はじめに、薬剤師の主な退職理由について解説します。

待遇面に不満がある

薬剤師の退職理由として、待遇面に対する不満があげられます。特に薬剤師の給料は地域や会社の規模によって決まることが多く、同じような業務内容にもかかわらず他社よりも給料が少ないといったケースでは不満を抱きがちです。

また給料が同じでも、昇給しにくかったり休暇が少なかったりすると、不満につながることもあるでしょう。そのほか、会社の評価基準が不明瞭で努力してもなかなか評価されないと、前向きに仕事に取り組めなくなってしまいます。

人間関係がうまくいかない

人間関係がうまくいかずに退職を考える薬剤師も少なくありません。薬剤師は同じメンバーと長時間勤務するケースが多く、一度人間関係が悪くなると修復するのが困難です。チェーン展開をしているドラッグストアなどなら異動希望を出すこともできますが、小規模薬局や病院では異動は難しいかもしれません。そういったケースでは、新しい職場へと転職せざるを得ないでしょう。

また上長や先輩との相性が悪いと、働き続けることに負担を感じる場合もあります。特に薬剤師経験の浅い人は、調剤業務に対して悩みや不安を抱えがちです。上長や先輩薬剤師に相談したくても人間関係がうまくいっていないと、悩みを打ち明けられず自身で抱え込んでしまう可能性があります。

精神的・肉体的負担が大きい

薬剤師は多忙にもかかわらず、スピードや正確性も求められるため、精神的・身体的に大きな負担がかかります。総合病院内の薬局や近くに複数のクリニックがある門前薬局では、多くの処方せんに対応しないといけません。患者さんをあまり待たせすぎないよう、スピーディーに業務をこなす必要があります。

また人材不足の職場では、一人ひとりの業務量が多くなり、身体的な負担も大きくなりがちです。さらに薬剤師の業務の性質上、1つのミスが患者の治療や命に悪影響を与えかねないため、調剤ミスは起こせません。そのプレッシャーが精神的な負担となって、退職を検討する方もいます。

ルーティンワークでやりがいが感じられない

薬剤師の業務はルーティンワークが多いため、やりがいを感じられずに退職を検討する方もいます。

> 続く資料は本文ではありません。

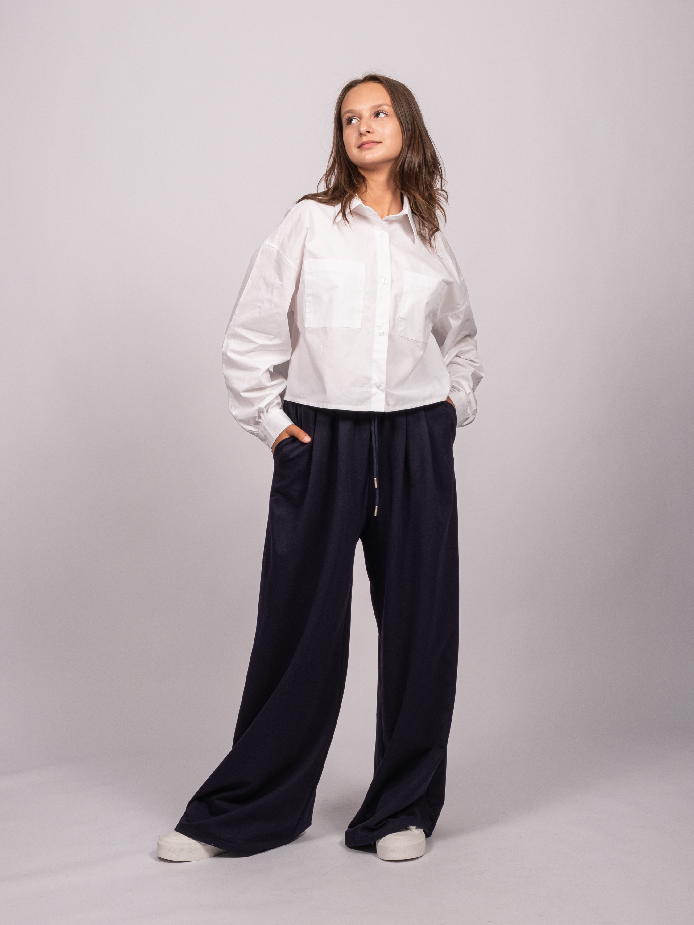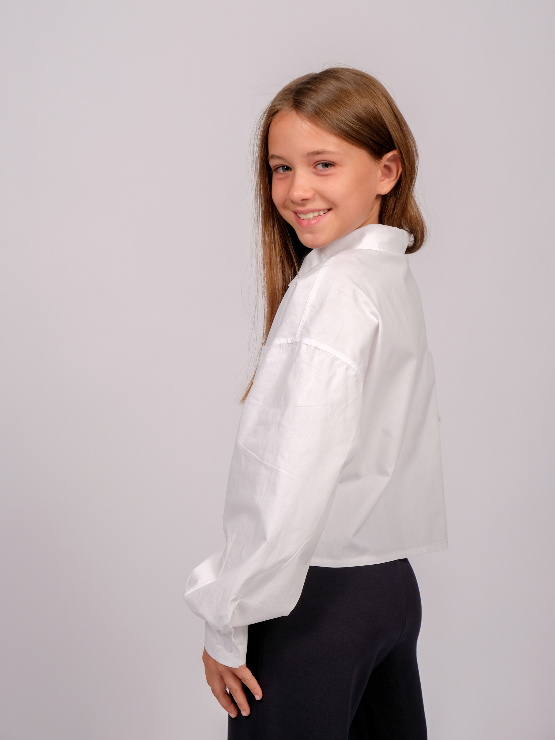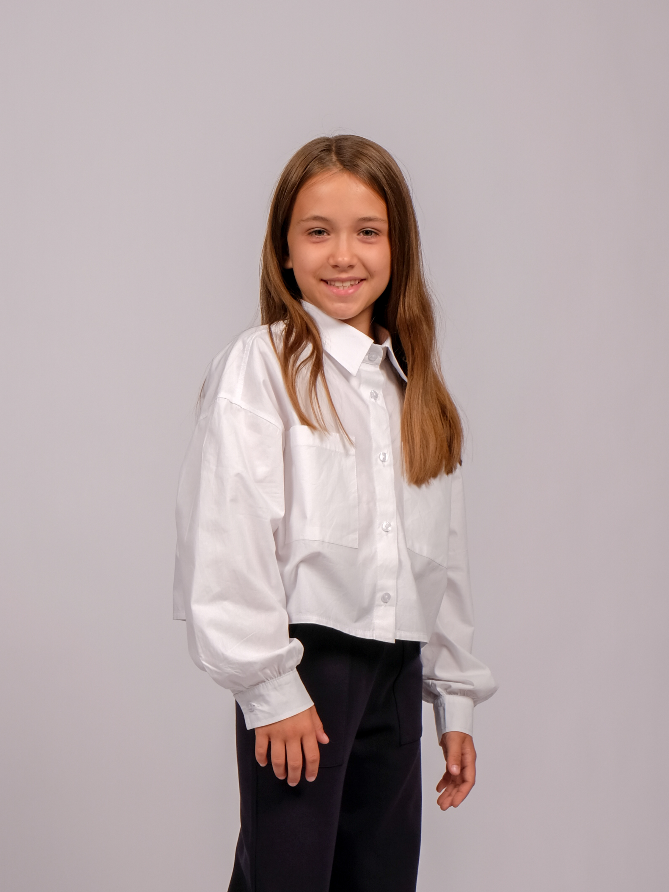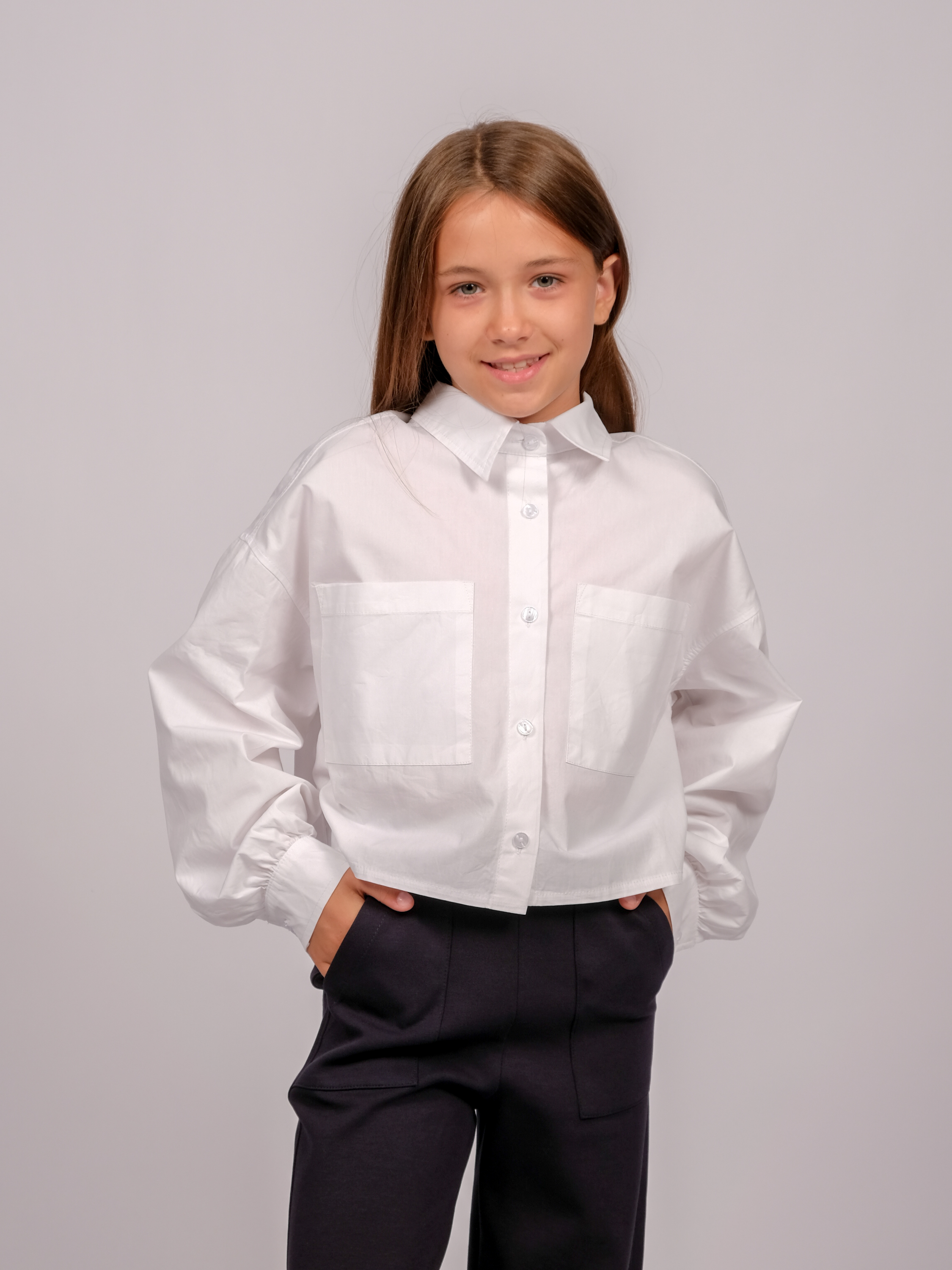 Укороченная рубашка для девочки оптом. Модель объемная, прямого кроя, застегивается на пуговицы, рукава с манжетами, на груди два накладных кармана.

皮膚科や整形外科など門前の病院に診療科が一つしかないと、同じような処方を応需することが多くなってしまい、薬剤師としての知識やスキルに偏りを感じてしまいます。反対に、処方数が多すぎて業務をこなすだけで精一杯の職場なら、スキルアップができていないように感じ、「このままでいいのだろうか」と悩んでしまうこともあるでしょう。

職場のフォロー体制が整っていない

病院や薬局では、一包化調剤や散剤・水剤調製、軟膏の混合調製や服薬指導など、患者さん対応を含めて多くの業務を同時にこなさなければなりません。そういった状況にもかかわらず、スタッフ同士の協力や連携が取れていないと、うまく業務をこなせずにストレスを感じてしまうこともあるでしょう。

また研修やフォロー体制など、職場から薬剤師としての教育を十分に受けられないと、スキルアップができずにモチベーションが下がってしまうケースもあります。

ライフスタイルの変化

人間関係や待遇面など職場への不満以外に、ライフスタイルの変化によって今の職場から退職せざるを得ない状況もあるでしょう。

たとえば、家族の介護をする場合には、フルタイムの仕事が難しくなり、家族が住む家からでも通える職場に転職するケースなどが考えられます。そのほかにも、結婚・出産にあたり家事育児との両立ができるように、時短制度が整っている会社や産休・育休の取りやすい職場への転職を考える方も少なくありません。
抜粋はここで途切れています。